The 5th International Workshop on Extreme Heterogeneity Solutions

to be held in conjunction with
SCA/HPC Asia 2026

26-29 January, 2026
Osaka, Japan

Introduction

While computing technologies have remained relatively stable for nearly two decades, new architectural features, such as specialized hardware, heterogeneous cores, deep memory hierarchies, and near-memory processing, have emerged as possible solutions to address the concerns of energy efficiency, manufacturability, and cost. However, we expect this ‘golden age’ of architectural change to lead to extreme heterogeneity and will have a major impact on software systems and applications. In this upcoming exascale and extreme heterogeneity era, it will be critical to explore new software approaches that will enable us to effectively exploit this diverse hardware to advance science, the next-generation systems with heterogeneous elements will need to accommodate complex workflows. This is mainly due to the many forms of heterogeneous accelerators (no longer just GPU accelerators) in this heterogeneous era, and the need to map different parts of an application onto elements most appropriate for that application component. In addition, this year we acknowledge the increasing need for Co-Design. This topic will explore the methodologies, challenges, and opportunities in the co-design of hardware, software, and applications to achieve optimal performance, power efficiency, and productivity in the era of extreme heterogeneity.

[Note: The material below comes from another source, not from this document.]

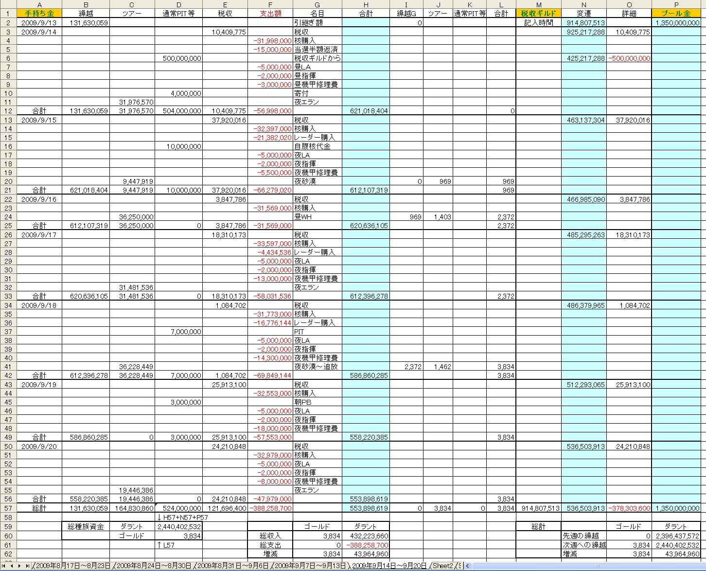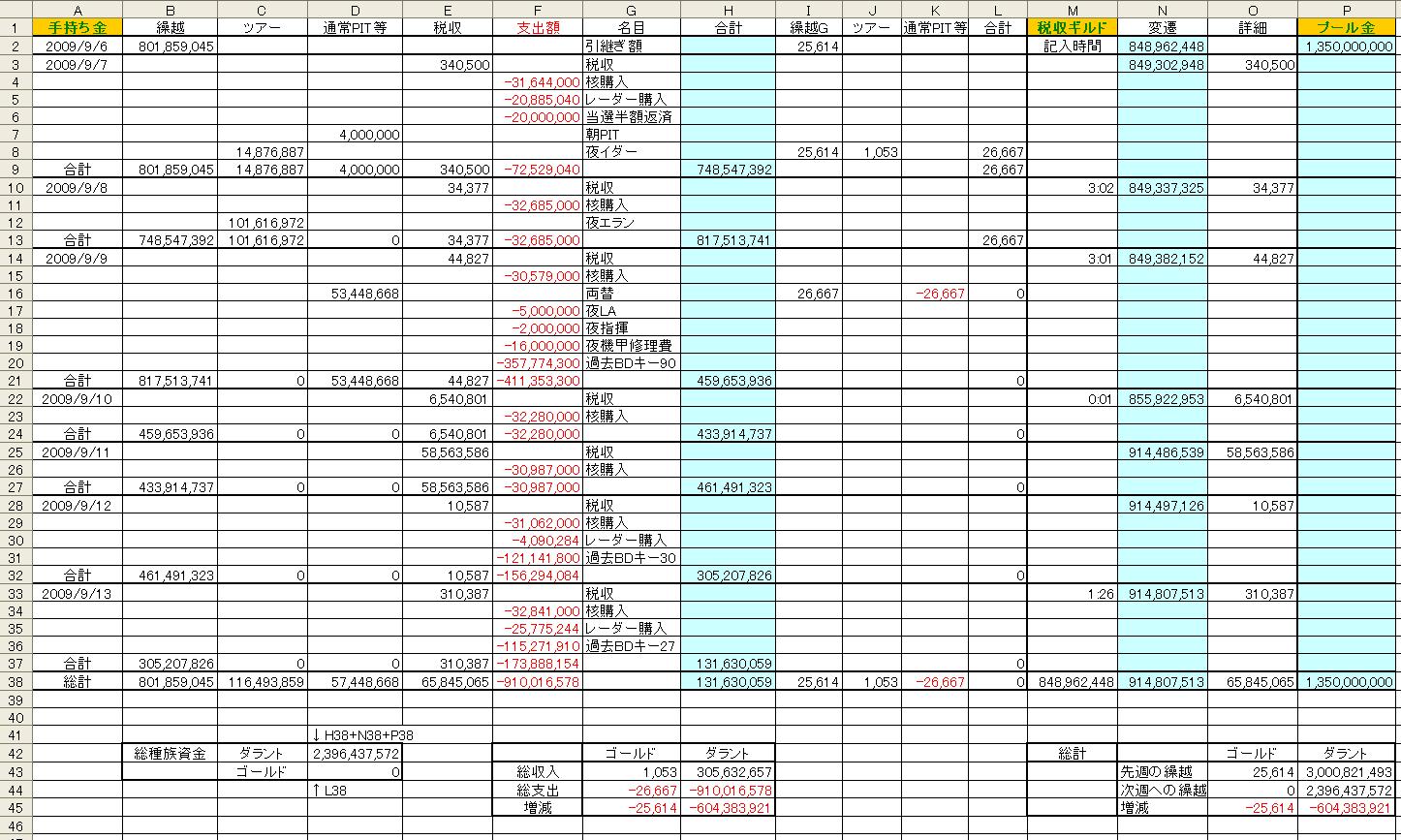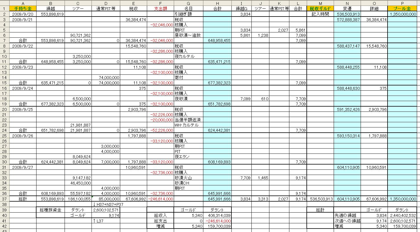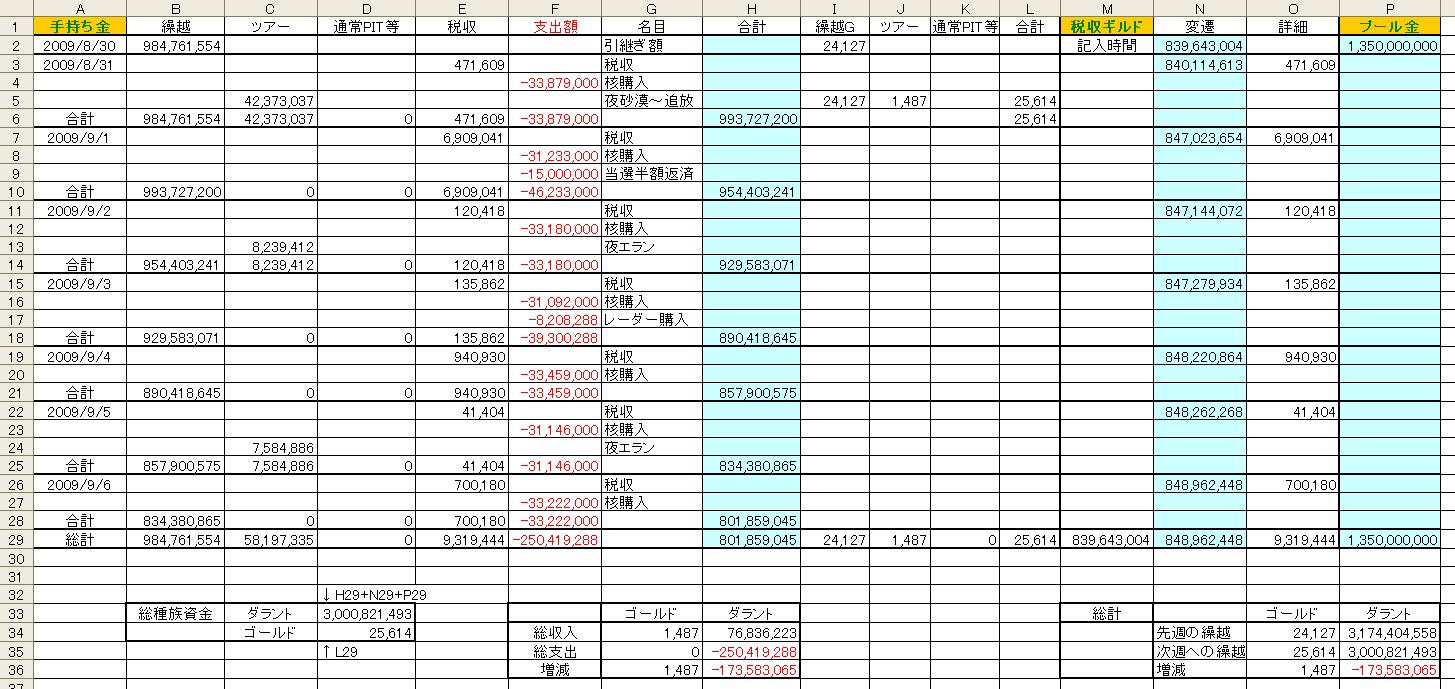 × [PR]上記の広告は3ヶ月以上新規記事投稿のないブログに表示されています。新しい記事を書く事で広告が消えます。 ↑クリックで詳細が別窓表示されます。(2009/8/31~9/6) ↑クリックで詳細が別窓表示されます。(2009/9/7~9/13) ↑クリックで詳細が別窓表示されます。(2009/9/14~9/20) ↑クリックで詳細が別窓表示されます。(2009/9/21~9/27) 2009年8月31日~9月27日 総収入 1,221,006,579D、 11,714G 総支出 1,795,308,566D、 26,667G 差し引き 574,301,987D、 14,953Gの赤字でした。 総種族資金は2,600,102,571D、 9,174Gです。 経験値3倍イベント期間中、過去BDキー無料配布イベントを行ないました。 147個の過去BDキーを配布することができ、キー代金として594,188,010Dを種族資金から引き出しました。 PR

Objectives, scope and topics of the workshop

This workshop aims to provide a forum to discuss new and emerging solutions to address these important challenges from the upcoming extreme heterogeneity era. Papers are being sought on many aspects of heterogeneous computing including (but not limited to):

Program

TBD

Important Dates

Paper submission deadline : November 7th
Notification of acceptance : Nov 28th
Camera-ready papers due : December 12
Workshop day: January 26th 2026

Steering Committee

Antonio J. Pena, Barcelona Supercomputing Center, Spain

Hartwig Anzt, Technical University of Munich, Germany

Jeffrey S. Vetter, Oak Ridge National Laboratory, USA

Olivier Aumage, INRIA, France

Sunita Chandrasekaran, University of Delaware, USA

Toshiyuki Imamura, RIKEN, Japan

Organizers (Contact us)

Monil Mohammad Alaul Haque (General Co-Chair)
Oak Ridge National Laboratory, USA
monilm@ornl.gov

Simon Garcia de Gonzalo (General Co-Chair)
Sandia National Laboratory, USA
simgarc@sandia.gov

Norihisa Fujita (Program Chair)
Center for Computational Science, University of Tsukuba, Japan
fujita@ccs.tsukuba.ac.jp

Programme Committee

Manuscript submission

We invite submissions of original, unpublished research and experiential papers. Full papers should be between 12 to 18 pages in length, formatted according to the standard ACM single-column conference format, including figures, tables, and references. Additionally, we are introducing a short paper track for submissions up to 8 to 9 pages. ACM templates for both Microsoft Word and LaTeX can be accessed here. All paper submissions will be managed electronically via linklings.

Proceedings

SCA/HPCAsia 2026 plans to provide an electronic proceedings publication for accepted workshop papers. In past years, SCA/HPCAsia workshop papers have been published in ACM-affiliated proceedings.

Best Paper Award

The Best Full and Short Paper Award will be selected on the basis of explicit recommendations of the reviewers and their scoring towards the paper’s originality and quality.

Special Issue Journal

TBD

Keynote (Taisuke Boku, Center for Computational Sciences, University of Tsukuba):

Extreme Heterogeneity on HPC/AI - What is the next stage?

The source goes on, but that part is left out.